* _Working data_
:::::
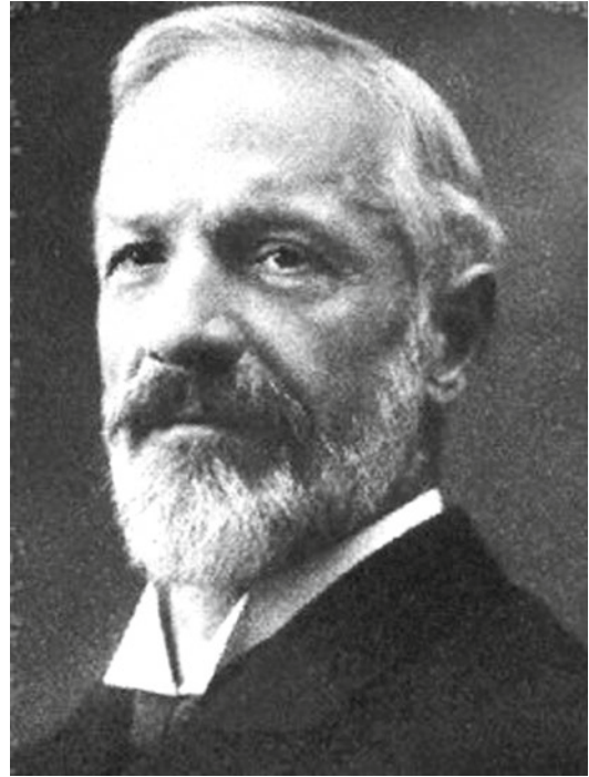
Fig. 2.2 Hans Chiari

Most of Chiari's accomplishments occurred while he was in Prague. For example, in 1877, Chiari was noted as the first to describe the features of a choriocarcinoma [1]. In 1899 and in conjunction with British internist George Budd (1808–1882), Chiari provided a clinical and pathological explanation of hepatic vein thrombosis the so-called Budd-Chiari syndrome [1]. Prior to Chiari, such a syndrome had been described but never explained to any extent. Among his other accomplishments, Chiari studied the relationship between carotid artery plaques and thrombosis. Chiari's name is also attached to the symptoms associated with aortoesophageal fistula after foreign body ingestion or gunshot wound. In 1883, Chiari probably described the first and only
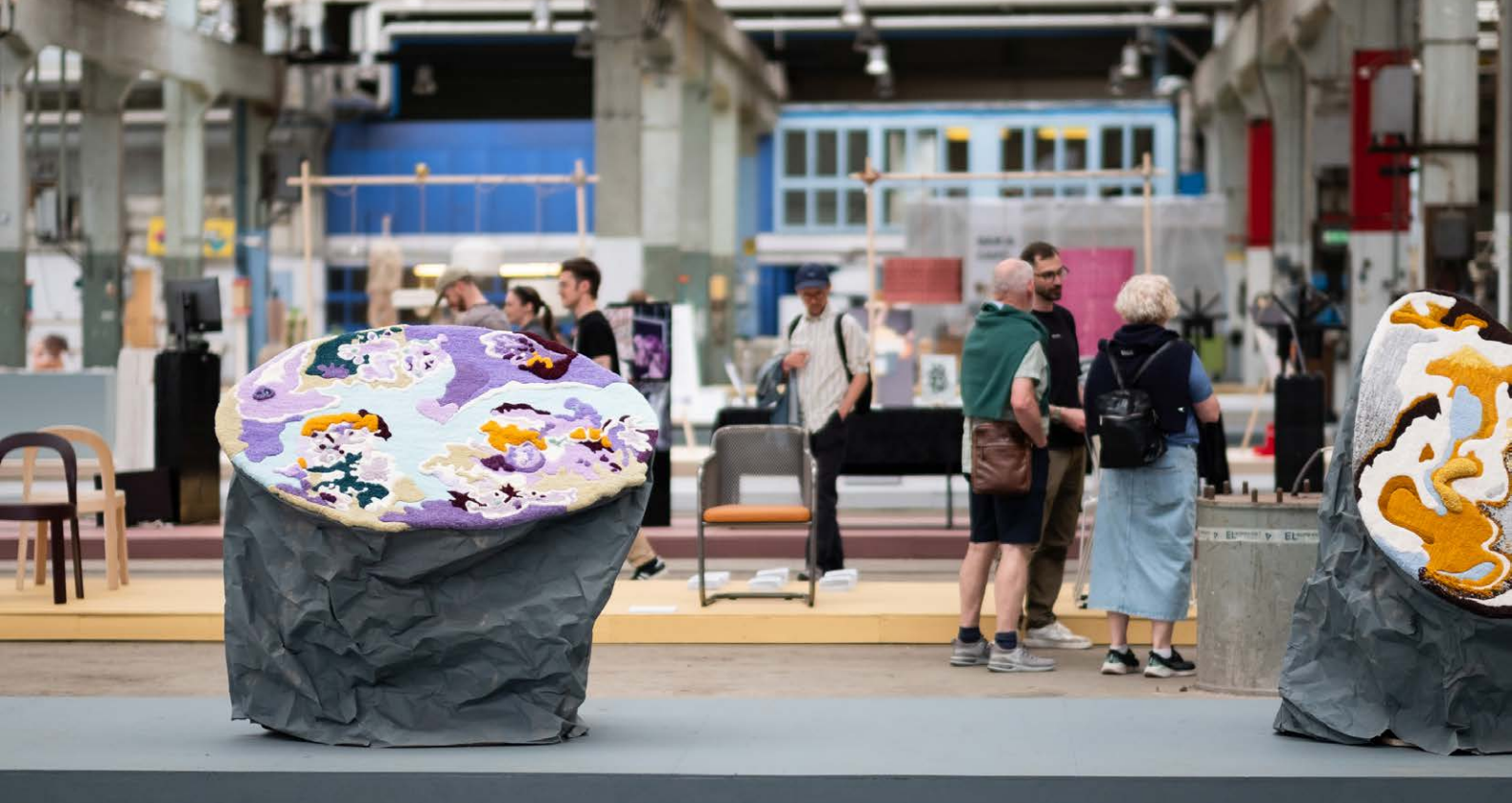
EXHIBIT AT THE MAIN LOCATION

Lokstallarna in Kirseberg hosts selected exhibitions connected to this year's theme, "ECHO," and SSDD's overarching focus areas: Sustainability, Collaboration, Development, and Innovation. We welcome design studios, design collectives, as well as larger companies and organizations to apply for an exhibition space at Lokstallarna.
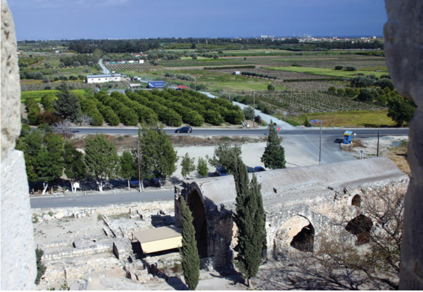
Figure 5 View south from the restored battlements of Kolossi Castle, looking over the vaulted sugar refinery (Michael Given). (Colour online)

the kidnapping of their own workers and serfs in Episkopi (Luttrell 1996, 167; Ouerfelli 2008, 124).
:::::
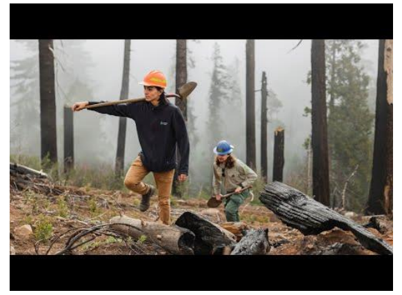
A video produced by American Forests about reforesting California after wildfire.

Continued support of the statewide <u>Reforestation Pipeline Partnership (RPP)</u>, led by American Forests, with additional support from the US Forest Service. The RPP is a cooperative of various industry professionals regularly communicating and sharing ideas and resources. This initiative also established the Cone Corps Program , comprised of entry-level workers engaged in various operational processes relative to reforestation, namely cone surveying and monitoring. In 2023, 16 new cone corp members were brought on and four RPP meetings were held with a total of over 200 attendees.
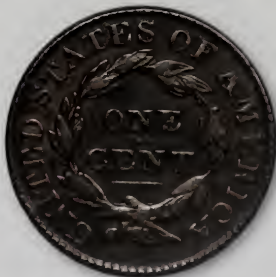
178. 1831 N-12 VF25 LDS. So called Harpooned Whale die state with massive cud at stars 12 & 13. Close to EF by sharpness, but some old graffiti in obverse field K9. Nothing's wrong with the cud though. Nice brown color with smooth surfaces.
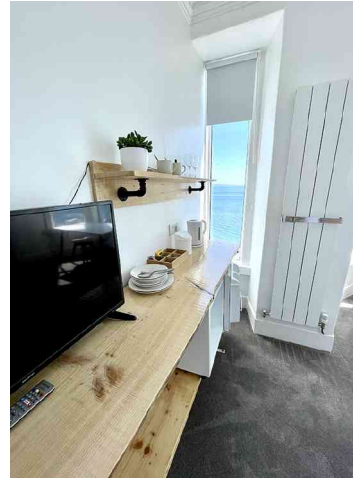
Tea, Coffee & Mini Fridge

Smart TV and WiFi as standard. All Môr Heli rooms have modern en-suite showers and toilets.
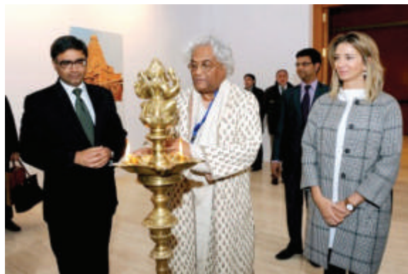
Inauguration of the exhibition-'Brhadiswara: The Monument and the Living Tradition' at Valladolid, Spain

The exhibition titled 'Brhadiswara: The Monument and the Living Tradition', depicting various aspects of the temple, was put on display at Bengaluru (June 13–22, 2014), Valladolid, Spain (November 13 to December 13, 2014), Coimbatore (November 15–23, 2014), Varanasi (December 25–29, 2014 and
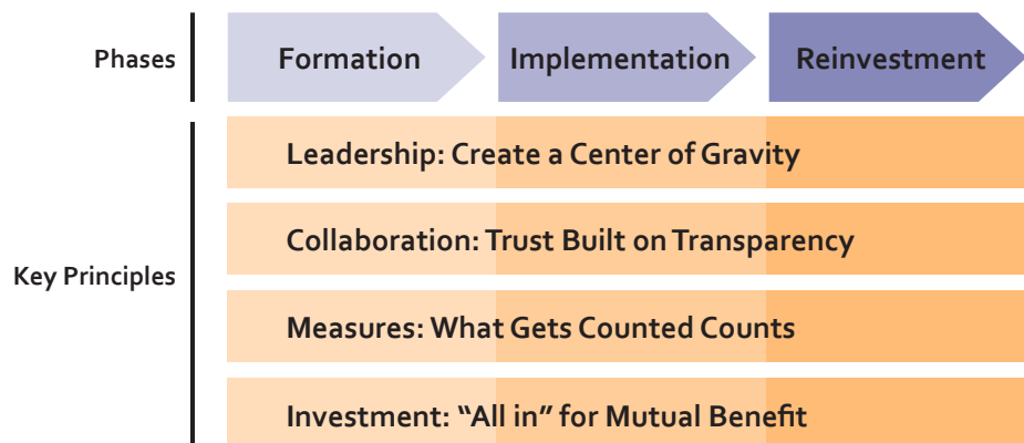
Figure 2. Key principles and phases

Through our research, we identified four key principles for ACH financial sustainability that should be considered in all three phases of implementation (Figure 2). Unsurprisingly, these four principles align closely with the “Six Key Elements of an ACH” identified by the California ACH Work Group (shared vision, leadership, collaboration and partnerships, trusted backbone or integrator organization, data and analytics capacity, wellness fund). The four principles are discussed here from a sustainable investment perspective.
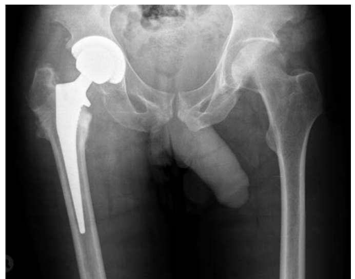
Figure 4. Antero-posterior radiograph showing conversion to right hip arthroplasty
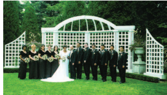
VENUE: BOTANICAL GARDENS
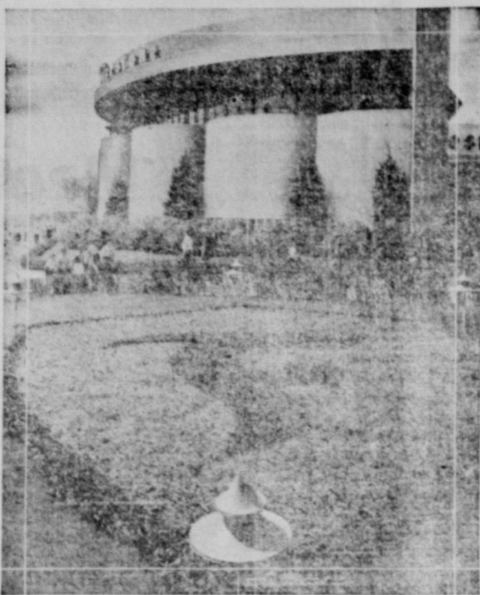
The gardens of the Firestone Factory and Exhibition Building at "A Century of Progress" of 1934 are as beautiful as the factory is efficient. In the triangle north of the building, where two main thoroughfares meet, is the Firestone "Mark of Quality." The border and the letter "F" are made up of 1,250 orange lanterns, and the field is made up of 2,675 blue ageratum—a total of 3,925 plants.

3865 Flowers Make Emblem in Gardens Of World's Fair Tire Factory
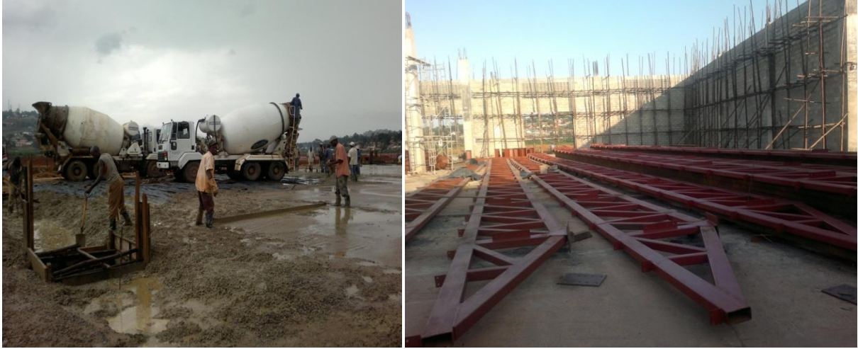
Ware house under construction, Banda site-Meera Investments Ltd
:::::
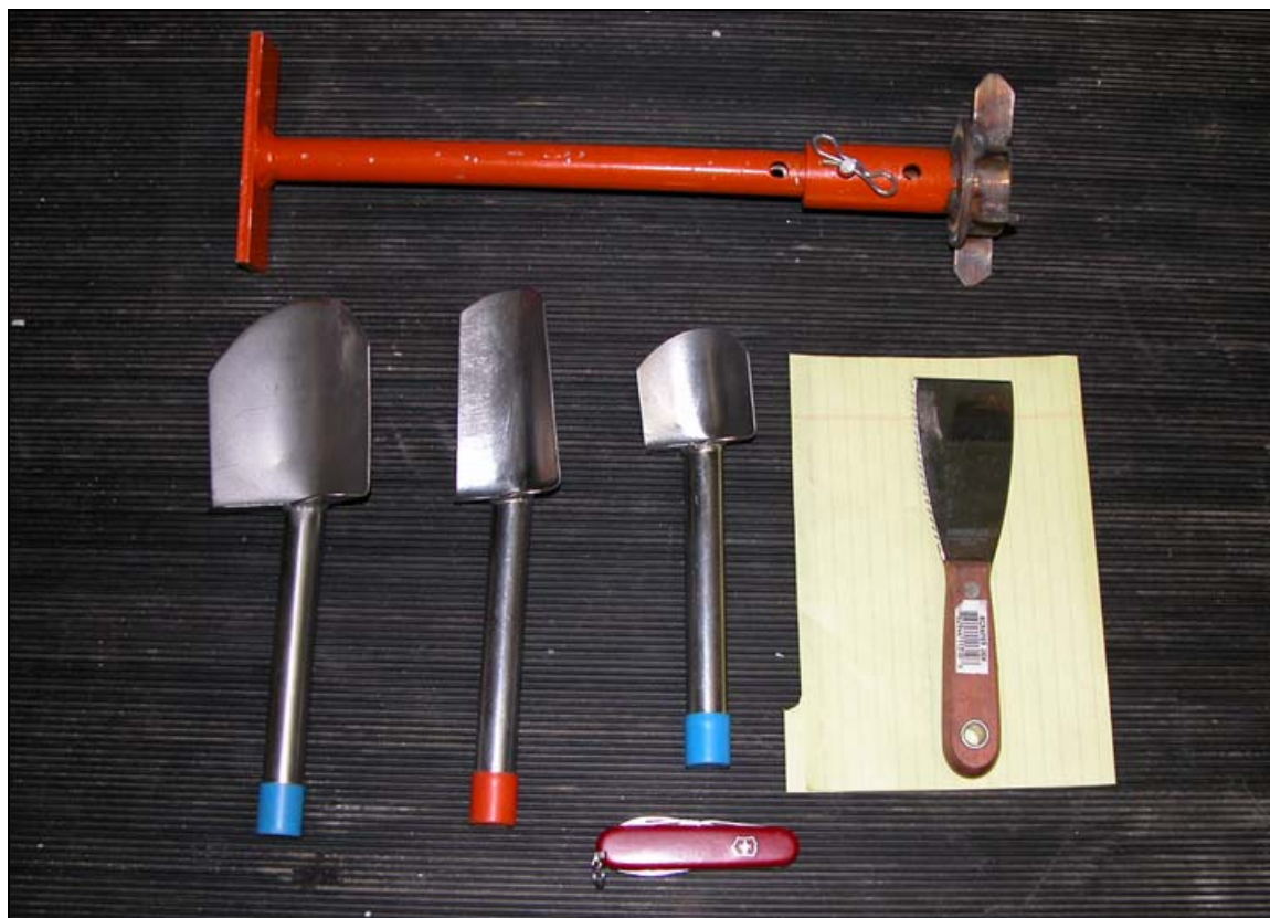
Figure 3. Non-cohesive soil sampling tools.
:::::
* _Brief_
Above is the material; set down exactly its lines from the one containing "3865 Flowers Make" down to the one containing "Ware house under", both included, leaving out any pictures.

* _Answer to this problem_
3865 Flowers Make Emblem in Gardens Of World's Fair Tire Factory
Ware house under construction, Banda site-Meera Investments Ltd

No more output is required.